软件修补十亿英里

时间:2010-06-20 06:09:41

标签: debugging real-time

有人可以在这里阐明NASA如何设计他们的航天器架构以确保他们能够修补部署的代码中的错误吗?

我从未构建任何“实时”类型系统,这是在阅读本文后想到的一个问题:

http://pluto.jhuapl.edu/overview/piPerspective.php?page=piPerspective_05_21_2010

  

“我们要做的第一件重要事情之一   当我们下次唤醒宇宙飞船时   本周将上传近20个未成年人   错误修复和其他代码增强功能   我们的故障保护(或“自动驾驶仪   响应“)软件。”

5 个答案:

答案 0 :(得分:14)

我一直是公用电话交换系统软件的开发人员,该软件对可靠性,可用性,生存性和性能都有严格的限制,可以满足航天器系统的需求。我没有参与航天器工作(虽然我曾在IBM工作过许多前飞梭程序员),而且我不熟悉VXworks,这是许多航天器上使用的操作系统(包括具有惊人操作记录的火星探测器) )。

可修补性的核心要求之一是应该从头开始设计系统以进行修补。这包括模块结构,以便可以添加新变量并替换方法,而不会中断当前操作。这通常意味着更改方法的旧代码和新代码都将驻留,并且修补操作只是更新类或模块的调度向量。

将修补(和取消修补)软件集成到操作系统中是非常必要的。

当我在电话系统上工作时,我们通常在系统中使用修补和模块替换功能来加载和测试我们的新功能以及错误修复,早在这些更改提交给构建之前。每个开发人员都需要熟悉修补和更换模块作为他们的工作的一部分。它在这些组件中建立了一定程度的信任,并确保定期执行修补和替换代码。

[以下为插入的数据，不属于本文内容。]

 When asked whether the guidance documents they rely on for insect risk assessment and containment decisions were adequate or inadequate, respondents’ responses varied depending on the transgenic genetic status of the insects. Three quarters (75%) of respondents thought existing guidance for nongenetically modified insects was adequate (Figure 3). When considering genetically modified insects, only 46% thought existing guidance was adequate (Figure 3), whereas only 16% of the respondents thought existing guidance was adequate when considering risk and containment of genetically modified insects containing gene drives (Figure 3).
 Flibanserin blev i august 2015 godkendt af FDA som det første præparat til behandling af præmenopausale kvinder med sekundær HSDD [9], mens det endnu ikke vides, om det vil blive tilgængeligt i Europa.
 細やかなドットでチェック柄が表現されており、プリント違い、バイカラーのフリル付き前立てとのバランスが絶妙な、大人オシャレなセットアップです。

这些系统的测试比任何其他任何项目都要严格得多。部署系统的完整和部分模型将随时可用。也可能存在虚拟机环境,可以运行和测试完整的负载。单元测试以上各级的测试计划将被编写并正式审查,就像正式的代码检查一样(这些也将是常规的)。

容错系统设计(包括软件设计)至关重要。我并不特别了解航天器系统,但高可用性集群之类的东西可能是标准的,增加了同步和非同步运行的能力,并且能够在故障转移期间在两侧之间传输信息。此系统结构的另一个好处是,您可以拆分系统(如有必要),使用新的软件负载重新加载非活动端,并在生产系统中对其进行测试,而无需连接到系统网络或总线。当您对新软件正常运行感到满意时,您可以简单地故障转移到它。

与修补一样,每个开发人员都应该知道如何进行故障转移,并且应该在开发和测试期间执行这些操作。此外,开发人员应该知道可以强制进行故障转移的每个软件更新问题,并且应该知道如何编写补丁和模块替换,以尽可能避免所需的故障转移。

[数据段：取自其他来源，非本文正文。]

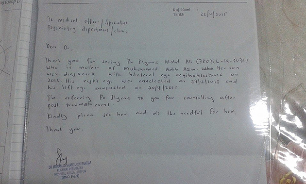 Surat kepada ibu Adib yang memintanya merujuk kepada kaunselor kerana gangguan emosi selepas pembedahan membuang mata anaknya - Foto Jaswan Mulop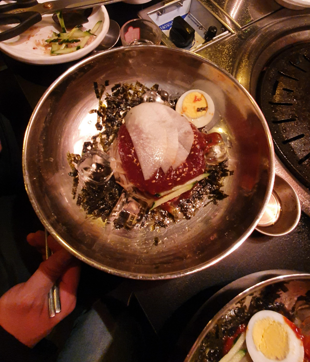 난생 처음 느껴보는 숙성삼겹살의 풍미에 냉면의 맛을 잊은지가 오래다. 보통 냉면으로 입가심을 하는데 입안에 남아있는 삼겹살맛이 냉면으로 씻어내는 느낌이 기분이 나쁠정도??
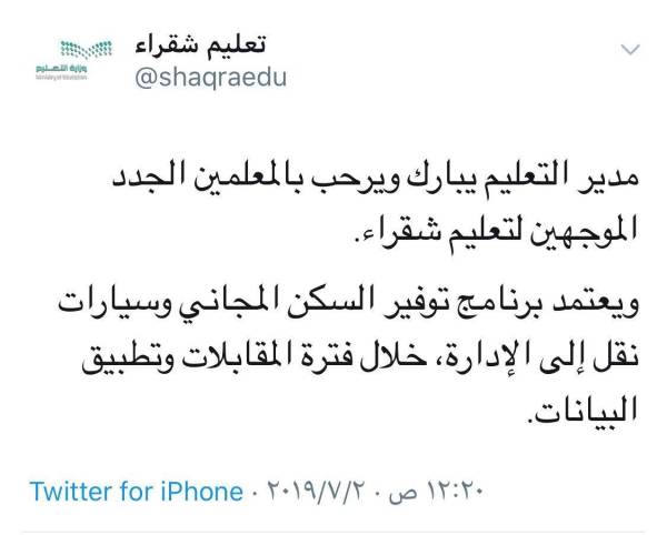 «التعليم»: توفير السكن والمواصلات للمعلمين والمعلمات الجدد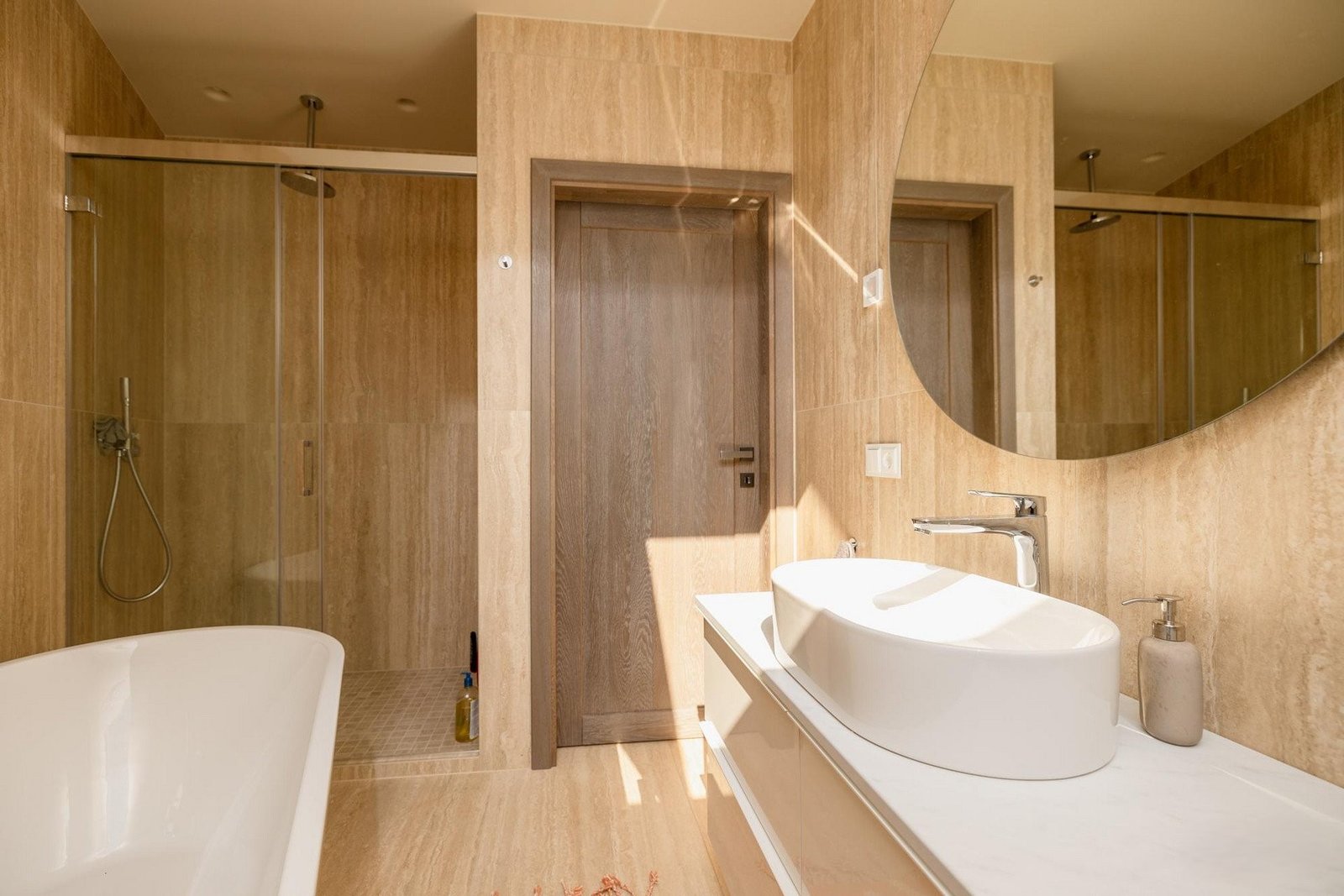 • „Villeroy & Boch“ plytelės, „Grohe“ potinkiniai dušai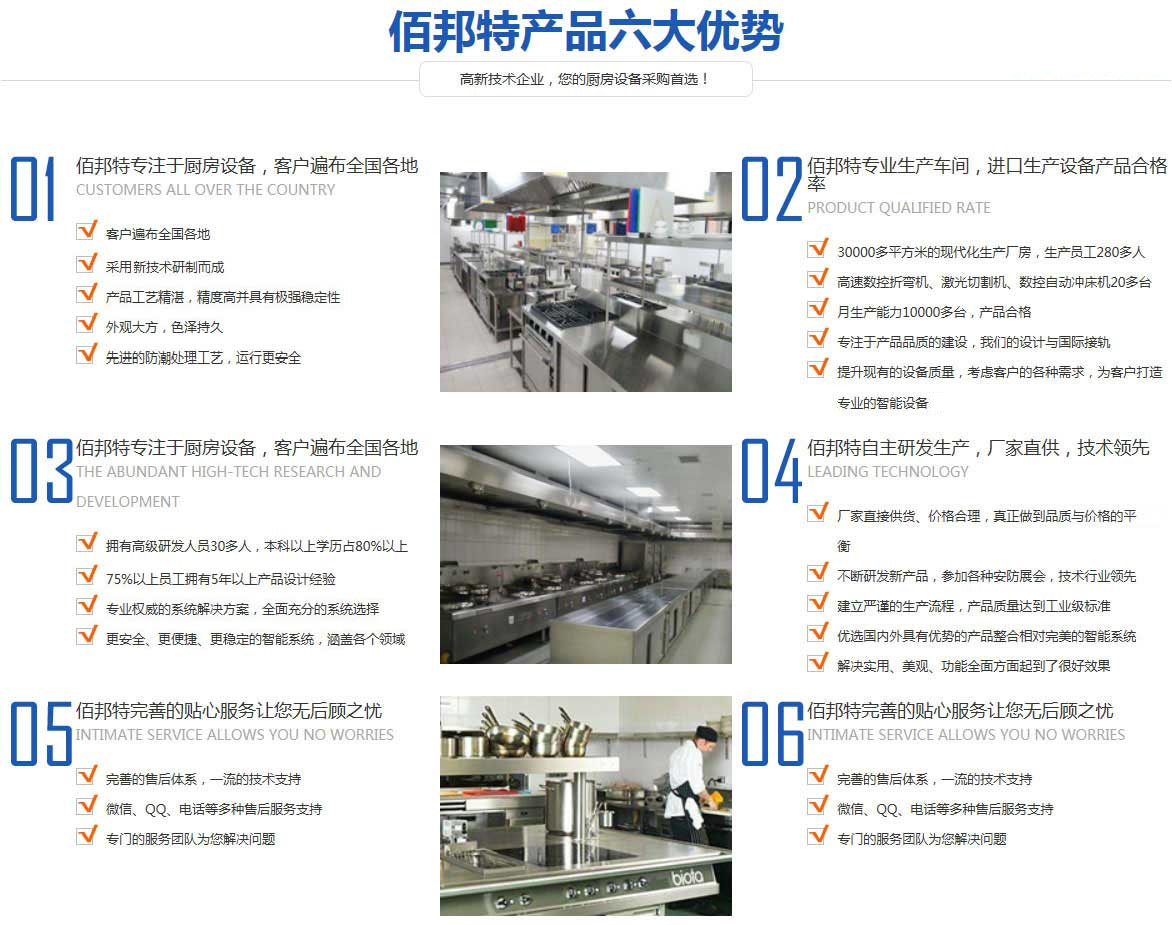 天津佰邦特廚房設(shè)備有限公司2016年創(chuàng)建于天津市北辰區(qū),是一家集科研、設(shè)計、制造、銷售、安裝、維修服務(wù)為一體的專業(yè)廚房設(shè)備生產(chǎn)企業(yè),是目前天津市乃至沿海地區(qū)競爭實力強的商用廚房設(shè)備企業(yè)之一。主營天津廚具,天津廚具廠,天津廚房設(shè)備,天津廚具設(shè)備,天津廚房工程、天津廚具工程,天津廚房設(shè)備公司,天津不銹鋼廚具批發(fā),天津廚房設(shè)備廠家,天津酒店廚房設(shè)備工程,天津工廠廚房設(shè)備,天津廚房設(shè)計,天津白鐵工程,天津廚具批發(fā),天津廚房排煙工程等配套設(shè)施。累積了豐富的實踐經(jīng)驗,蓄備了一支高素質(zhì)、專業(yè)化的人才隊伍。歷年來秉承著“創(chuàng)新、務(wù)實、求真“的企業(yè)......![]()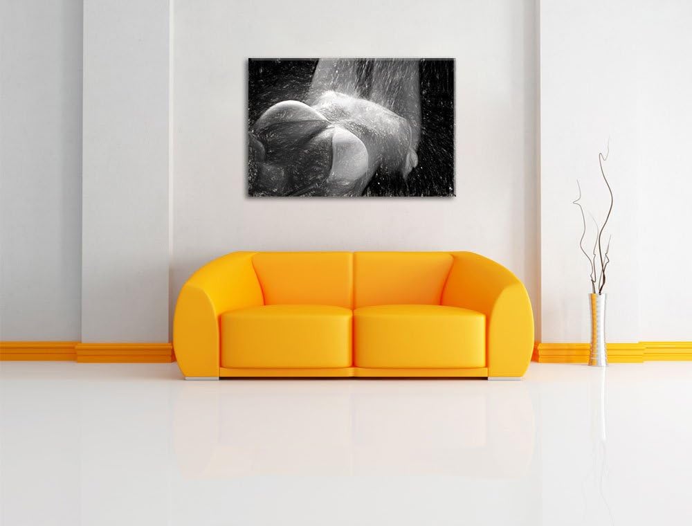 Pixxprint Frau im Bikini Unter Einer Dusche Pinsel Effekt, Format: 100x70 auf Leinwand, XXL riesige

通常,这些系统是针对这些环境从头开始设计的(硬件,操作系统,编译器和可能的编程语言)。我不认为Windows,Mac OSX,Linux或任何unix变体足够强大。其中一部分是实时要求,但可靠性和生存性的整个问题同样重要。

更新:作为另一个兴趣点,这里是blog by one of the Mars rover drivers。这将使您了解维护航天器的日常生活。整洁的东西!

答案 1 :(得分:5)

我也从未构建过实时系统,但在那些系统中,我怀疑他们的系统没有内存保护机制。他们不需要它,因为他们自己编写了自己的软件。没有内存保护,程序编写另一个程序的内存位置将是微不足道的,这可以用来对正在运行的程序进行热补丁(编写自修改代码是过去流行的技术,没有内存保护用于自修改代码的相同技术可用于修改另一个程序的代码。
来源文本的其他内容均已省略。